Tuesday, November 15, 2005

Letter to Salman Rushdie (Part 3)

My Mother: Margarida Lieblich Losa,
Was born in 1943 into a very liberal family in a very conservative country. She was five years younger to her sister Alexandra and developed an early interest in literature. In between high-school and University, she travelled to (West) Germany and Italy. She studied Germanics in Coimbra and Lisbon, where she took a very active stand in student protests against the regime.
Around 1964, a student friend of hers tried to persuade my mother to join the Communist Party but she was very hesitant. So he took an unusual step and invited her to “observe” an underground meeting of a student cell in Coimbra. Unfortunately, one of the persons attending this meeting was soon arrested and a list of names duly materialised with the notorious secret police (PIDE).
A couple of agents came to get her, and she was four months in the prison-fort of Caxias. There, she faked insanity when she was interrogated, screaming madly, climbing the walls and trying to overall exaggerate the effects of the sleep torture to which she was briefly submitted. When they stopped the interrogations, she conducted English lessons for her five cell inmates, who naturally became her unwavering friends for life (she never became affiliated with any political party).
After imprisonment, she tried hard to win the lost time in the university schedule and also to win the heart of a young and attractive man. On the verge of the last exam for the term, her hesitant boyfriend dumped her never caring to say why and my mother had a serious nervous breakdown. Sometime during this phase, she also had a clash with her mother and the two never healed completely.
Around 1965 or 66, she travelled West to the new world on a scholarship. She worked on her masters and in a Pizza restaurant. By now, her field of interest (the Neo realist novel and comparative literature) was already established and she started to work on her own novel about student politics in Portugal and the U.S.
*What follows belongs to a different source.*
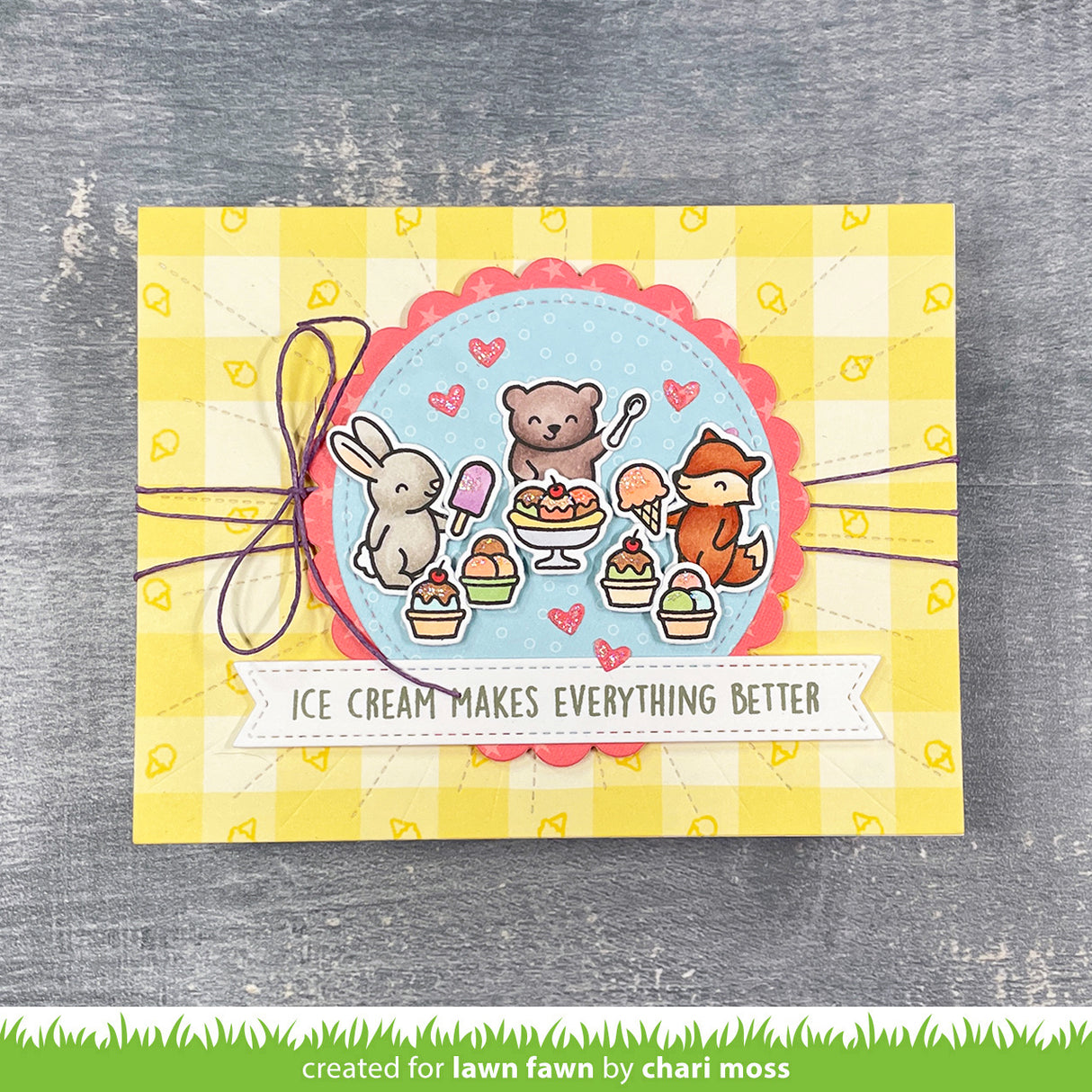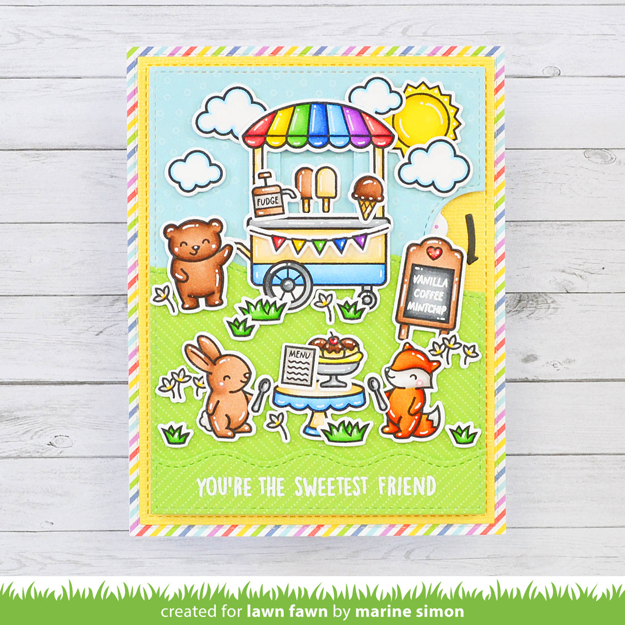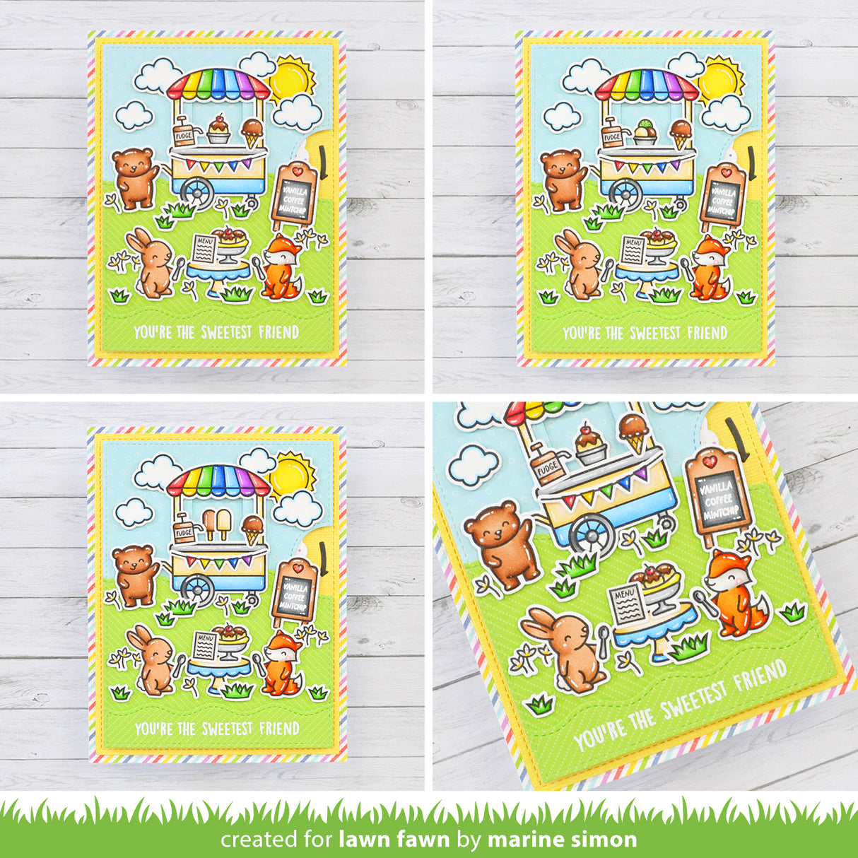Coordinating set ideas: Set up a cute treat shop using Ta-da! Diorama! and Ta-Da! Diorama! Shop Add-On. Add some giant whimsical treats for your sweet critters with Here’s the Scoop. The Sweet Friends stamp set has more punny sentiments that would pair sweetly with this set. Looking for the perfect speech bubble for the included tiny sentiments? Check out All the Speech Bubbles and All the Speech Bubbles Lawn Cuts!

One or two days after marrying my father (in a small office near Poughkipsie, NY), she wrote a letter to her parents, telling them of the fait accomplis. The reactions varied from suspicion and coldness on the part of my grandfather and, I suspect, some racism and disgust on the part of my grandmother.

Her doctorate thesis “From the Working Class Romance to the Realist Novel” was written on a grant in midst of travels back to the U.S. and was concluded in 1988. However, it took time for her career to become established in the University at Porto. By the early nineties it did and my mother was travelling constantly over the world, especially to international comparative literature conferences. Her responsibilities and achievements in her field soared and in 1996 she prepared to take another sabbatical and travel to the U.S.

By now, the visa requirements included a full medical check-up.

She fought hard but cancer is unforgiving. She would not waste time, she tried to finish some things, start others. She tried to finish her novel. I don’t know if she did – it’s all in box alongside with notebooks about the characters and the method and so on. I’ve just found and opened that box yesterday.